The finale, the quietness of it, was a reflection of what it’s like to graduate out of those heady days of your twenties. It wasn’t a normal TV send-off with everyone gathered around in a big group hug, it was a fade-out, just like most cycles in your life.
To say Girls was a controversial show is an understatement. The discourse around the series was always louder than its actual (legitimate) ratings would suggest as critics, fans and haters piled onto a show that was at times frustrating and at times transcendent.
It was rich for the picking, both good and bad.
From the beginning, the fact that 25-year-old female wunderkind, with one feature film and a handful of other shorts and web credits, got her own show on HBO likely grated those who weren’t used to seeing that kind of atmospheric success from someone so young and possessing of a vagina.
Lena Dunham was unapologetic and had a no-holds-barred approach to what she put on screen, which included her bare body in a series of uncomfortable sex scenes or even the more mundane activities of the day, like getting changed.
Dunham’s body didn’t conform to the expectations of naked female flesh and the backlash reached fever pitch around the time of season two’s self-contained episode “One Man’s Trash” in which Hannah spends a day with a handsome doctor (Patrick Wilson) in his gorgeous terrace, going through the throes of lust and infatuation.
The chorus of those who said that in real life someone who looked like Wilson would never hook up with someone like Dunham was a harsh reminder of the ugly judgment women still labour under when it comes to their body.
That Dunham put herself out there wasn’t “brave”, as it’s been so often called, it was overdue.
But Girls wasn’t just six years of Dunham normalising real bodies. It was an incredibly well-written and well-directed series about that time in your life when you’re still lost. Away from the comforting strictures of school and university, but before the increasing stability of your thirties, it captured that moment of flailing kidulthood.
Wandering from job to job, from partner to partner, from one party to the next, Girls was an authentic take on what’s like to be unsure of your place in the world even if, in your youthful arrogance, you thought you knew it all.
It was also an honest experience of friendships, an almost anti-Sex and the City.
It laid out — sometimes in ugly detail — that your friends aren’t always there for you. That they will be wrapped up in their own dramas and forget to return your call, and that you will be incredibly frustrated at their selfishness or the dumb life choices they make.
That the people you thought you would be friends with forever sometimes don’t factor into your life after a few years. You’re not always on the same path.
In the second last episode of the series, Shoshanna tells Hannah, Marnie and Jessa that it was time to “call it” on their friendship. It was a sad moment but it was also true. She had moved on and was ready for the next phase in her life. This happens. It doesn’t always have to be some big falling out or schism, sometimes people just drift apart.
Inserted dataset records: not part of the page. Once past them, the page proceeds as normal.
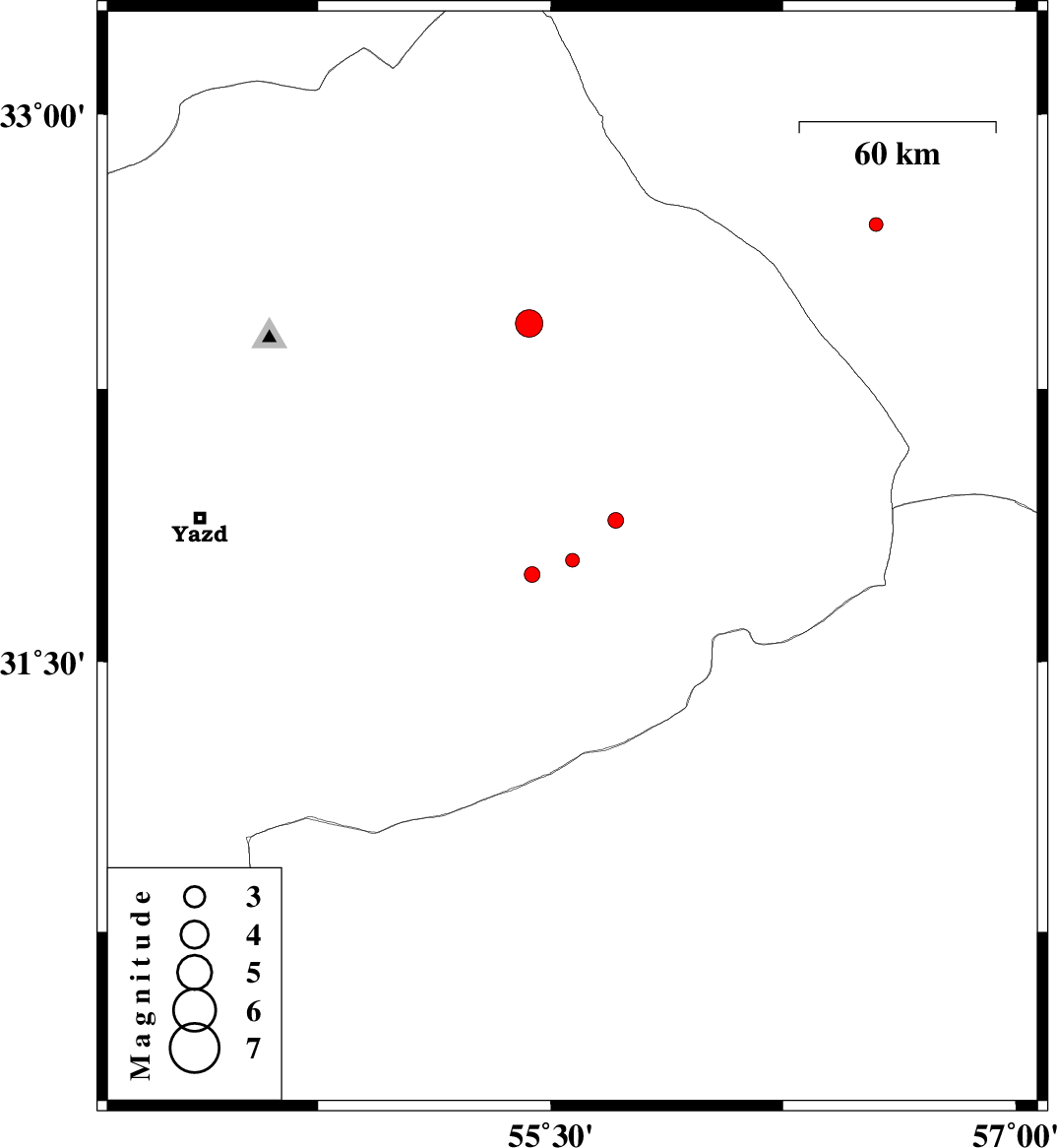 | 2015/06/17 | 23:05:43.2 | 03:35:43.2 | 32.43 | 55.43 | 14 | ML:4 | Yazd Province, 91 km North of Bafq |
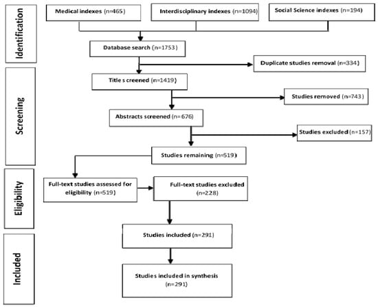 Figure 1 shows the process of identifying relevant articles. The search captured 1753 results in total, which was reduced to 1419 after duplicates were removed. Title scans resulted in a total of 676 articles that were later reviewed by abstract. The abstract review resulted in 519 articles from all the sources. After full-text review, we identified a total of 291 articles.
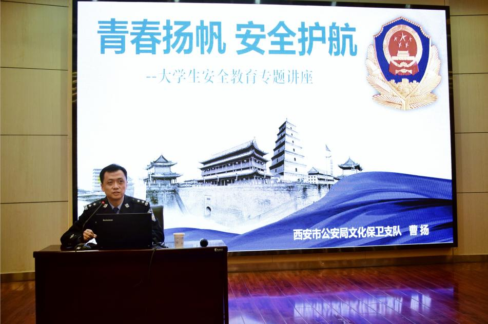 学工办承办的我校大学生安全教育讲座在金花校区举行。讲座特邀西安市公安局文化保卫支队四大队副大队长曹扬警官以“青春扬帆·安全护航”为题为向大学生进行了安全教育。本次讲座是学生工作部和925足球直播
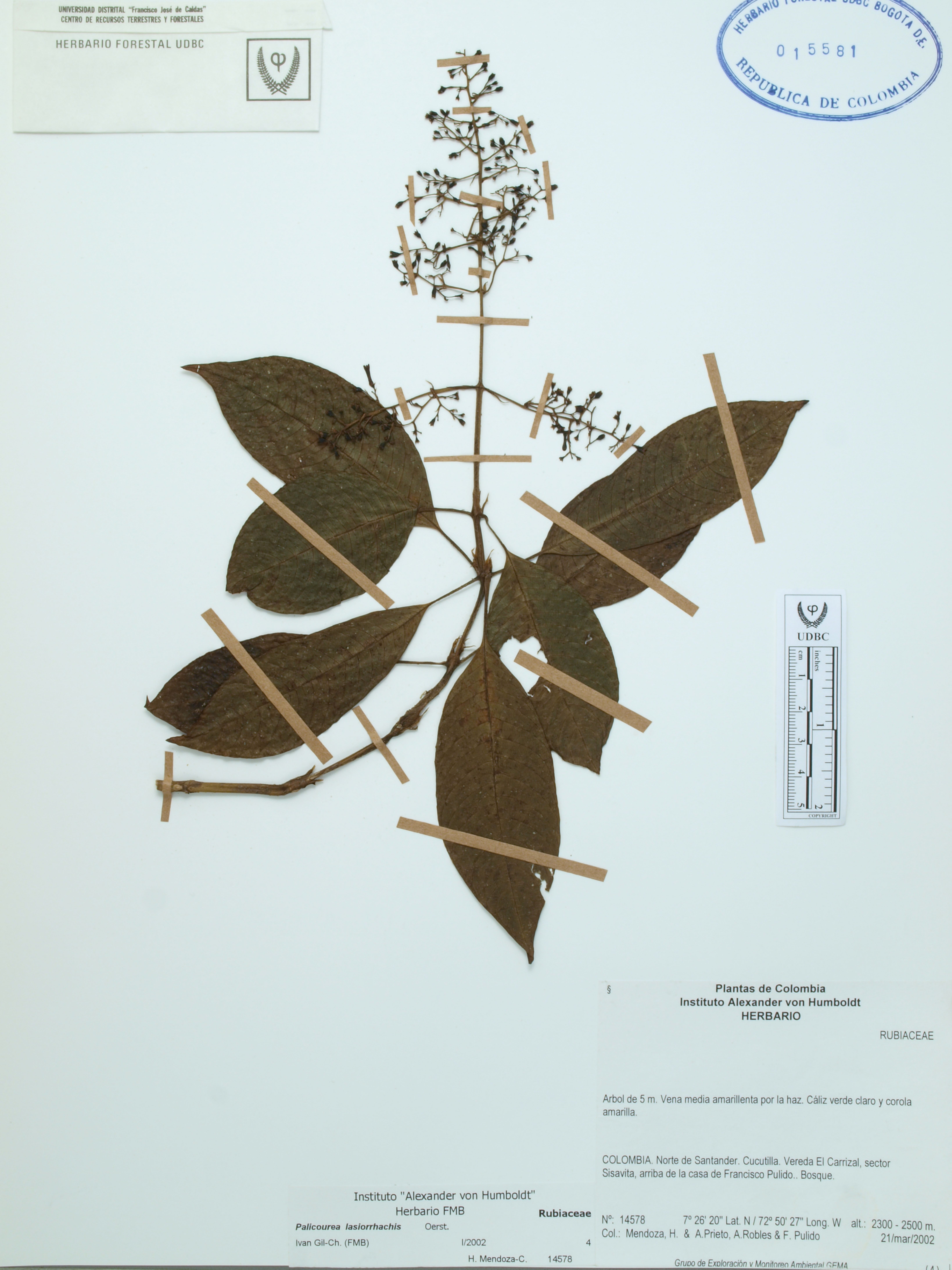 | dc.description | Fotografía del ejemplar Mendoza, H. 14578, determinado como Palicourea lasiorrhachis en el año 2002 | |
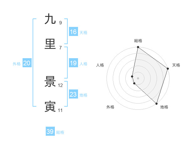 九里 景寅さんの外格は20画の1点!

Yes, the show was populated by narcissistic characters largely unconcerned about whether or not they were “likeable”. They were rude, self-centred and woefully naive. Girls knew exactly that, it even had its own audience surrogate character in Ray to remind us of that.
But anyone who says they don’t recognise even a little of themselves, or didn’t relate to some action one of the girls had done, is a liar. Perhaps that’s why Girls became that lightning rod of controversy — it was often uncomfortable viewing and asked people to confront truths they weren’t ready for.
Dunham created these complex, deeply flawed young female characters and put them out into the world, elucidating that women aren’t supposed to be perfect, that they can’t be everything to everyone.
In their final moment together, Hannah says to Jessa: “We were all just doing our best.” Jessa replies: “Our best was awful”. And that’s the truth about life and people, you’re not always going to get there.
Some of the criticisms aimed at Girls were valid, some of which Dunham herself has acknowledged — the show was very much the experience of privileged, college-educated white girls in one of the most expensive cities in the world. It also couldn’t be everything to everyone.
That the first episode featured Hannah calling herself “the voice of my generation or, at least, a voice of a generation” had set up impossible expectations that it could never hope to reach. The line was also uttered by Hannah in the middle of a delusional, opium-induced fever and maybe some of that irony has been lost over time.
But in all the ways it wasn’t “the voice of a generation”, it was always what it strove to be, a sincere depiction of what it feels like to be unanchored in your twenties as a young woman. It wasn’t really about empowerment, it was about honesty.
For that, we can salute to six years of bloody good television. For that, we can salute to Girls.
The Girls finale will screen on Foxtel’s Showcase channel Wednesday night at 8.30pm.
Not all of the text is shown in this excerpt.